I went forth, braving all the woes that were divided by the outcast mother and her child. The rival that I had loved better than a sister had taken the soul that was mine, and cruelly left me to perish or to suffer; it mattered as little which to her as it did to Sarah, that her handmaid died in the wilderness, or passed heartbroken into the desert. Driven forth from my last shelter by my father’s sister, hunted down like an evil thing, I felt like the poor stag which I had once saved from the very foes that seemed chasing me to death. As I sat there alone in my pretty chamber, with the coffer in my lap, and the bundle at my feet, I thought of the stone cairn beneath which my mother lay, deep in the snow mountains, and wished that I too were under it.
Everything was still. Nothing but the faint flutter of autumn leaves as they fell to the earth reached my ear. Yes, one thing more, the beatings of my poor heart sounded loud and quick in the stillness, like the laugh of winter winds when they rustle through masses of dead foliage.
I got up at last—oh, with what heaviness of heart and limb. With the coffer in one hand, and the bundle in the other, I passed like a ghost from my beautiful chamber, leaving it bathed in the autumn moonbeams, all the more quiet that a weary heart had gone out of it.
I went through the little picture gallery. The moonlight threw my black shadow on the lovely pictures and statuettes, veiling them, as it were, in mourning at my approach. As I looked back through my tears, they were poised gracefully as ever, and smiling in the pale light heartless as my human friends. It was only in my path that the darkness fell.
One moment I paused at the door of Turner’s room. I held my breath, listening at the key-hole for the faintest noise. A sigh from those loved sleepers would have fallen upon my heart like a blessing. Nothing reached me—nothing but the sound of the wind, which was beginning to sob among the leaves out of doors.
As I listened, something rubbed against my ankle, and the soft purr of a house cat, whose instinct had recognized me in the dark, made me utter a faint exclamation. I stooped down and caressed the kind animal a moment, then hurried away, fearful that my sobs would arouse Turner. The cat followed me to the stable, and looked on while I saddled Jupiter with a sort of grave wonder, which seemed to me like regret. She watched me as I fastened my bundle and mounted the poor old pony. When I rode away, looking wistfully back at the house, she kept her place till I could no longer distinguish her.
I believe it was a beautiful night; certainly the moon was at its full, and the sky crowded with stars, luminous with that deep glow which precedes an early frost. Without being boisterous, the wind filled the leaves with their mournful whispers, and the fragrance of broken leaves and forest flowers, that always breathe sweetest as the frost kills them, floated silently on the air, saddening the atmosphere with the perfume of their decay.

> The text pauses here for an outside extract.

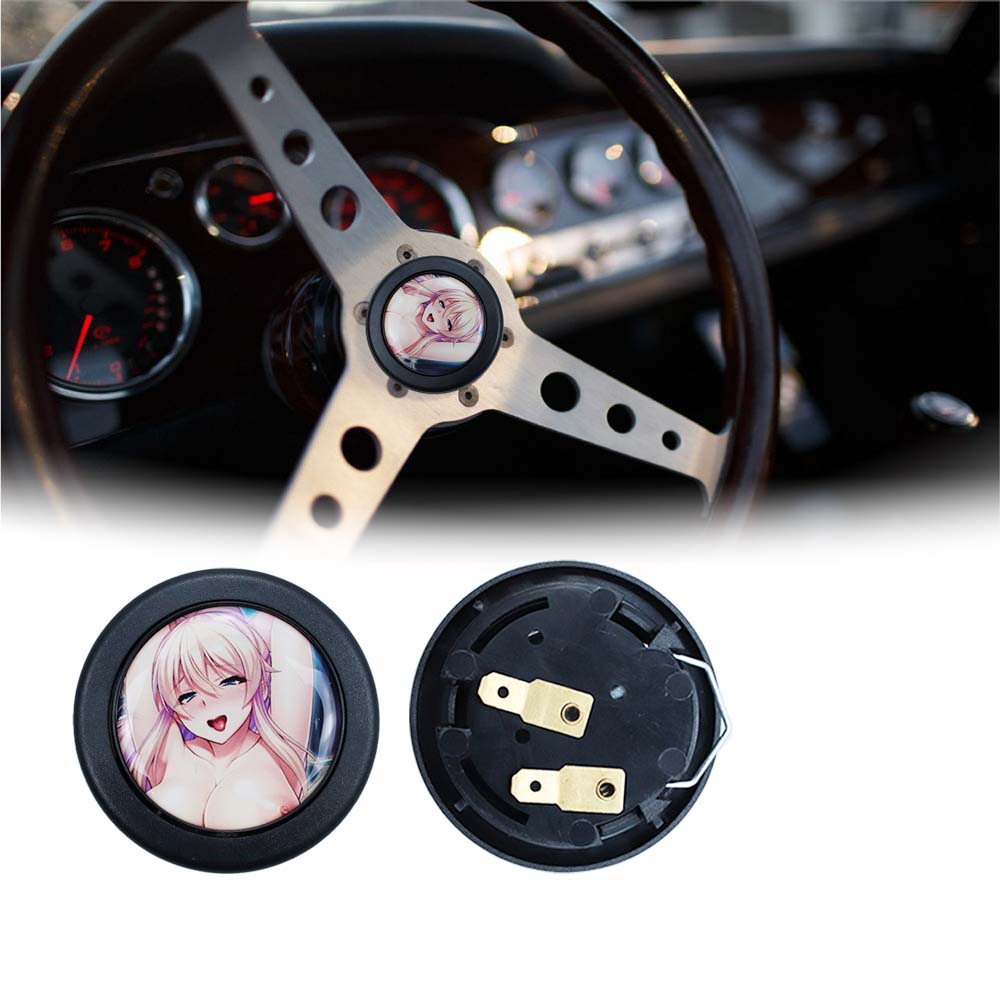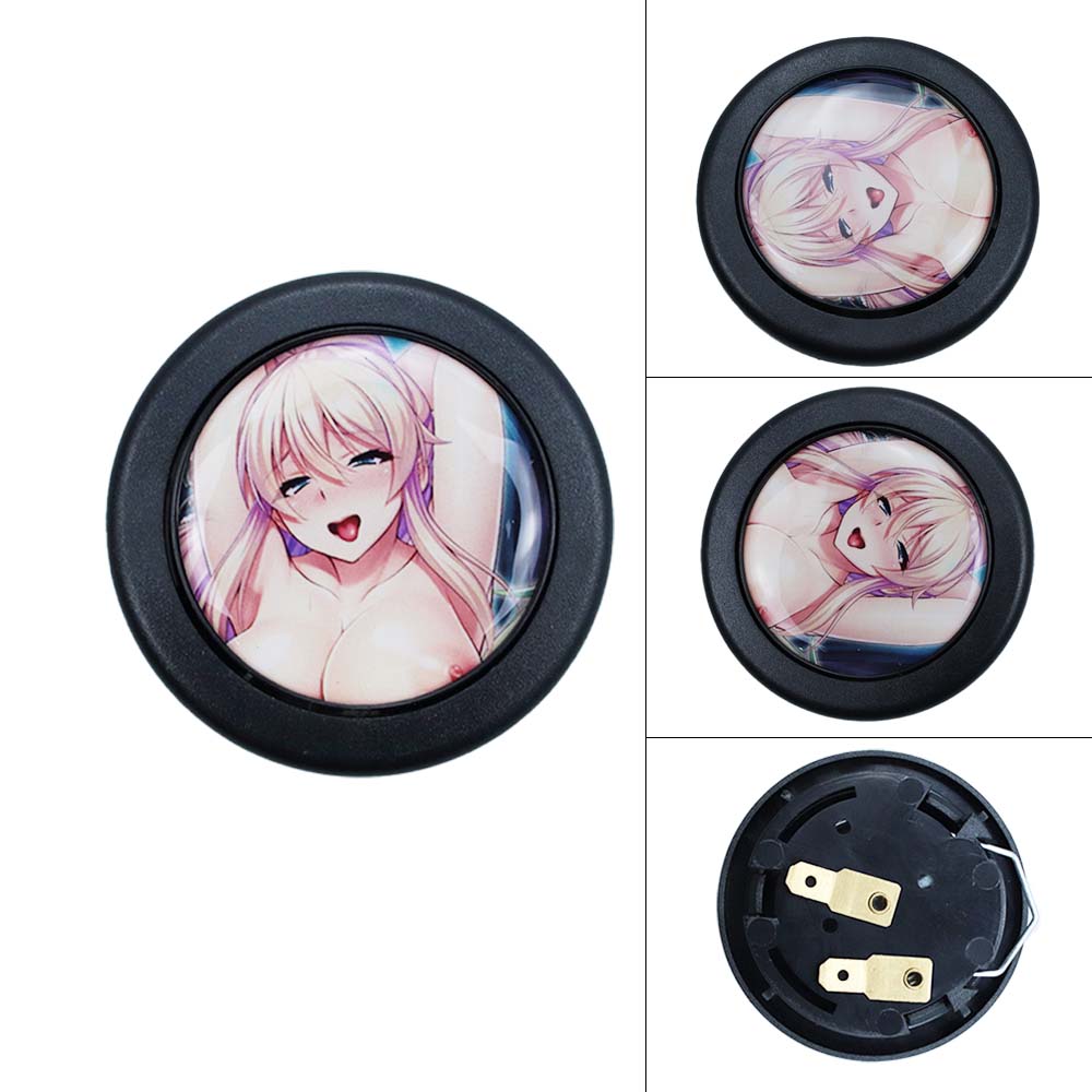 Brand New Universal Anime Hentai Car Horn Button Black Steering Wheel Center Cap

I received all these impressions passively, for my heart was too heavy for anything but that dull consciousness which is blunted by pain. All the way I was comparing myself with the boy Ishmael, and thinking of Hagar with yearning sympathy, such as a woman only who has been wronged and cast forth into that great desert the world can feel.
I reached Marston Court, but the imposing beauty of those walls, the picturesque effect which the broad moonlight produced among its carved balconies, broad eaves, and great entrance doors, made only a dream-like impression on me. My heart was full of one thought. Here and now I must part with old Jupiter for ever, my last friend. I reached the steps, let myself down from the saddle, and unknotted my bundle with cold, trembling fingers, that blundered painfully in their task. Then—it was because I wanted to prolong the moment of parting—I knotted up the bridle short upon his neck, that he might not tread on it. When this was done, I stood a long time with my arm over his neck, crying like a child. Poor old fellow! when I stood up and shook his bridle, telling him as well as I could for my sobs, to go home again, he turned his head and fell to whimpering, as if he understood my desolation better than any human creature had done.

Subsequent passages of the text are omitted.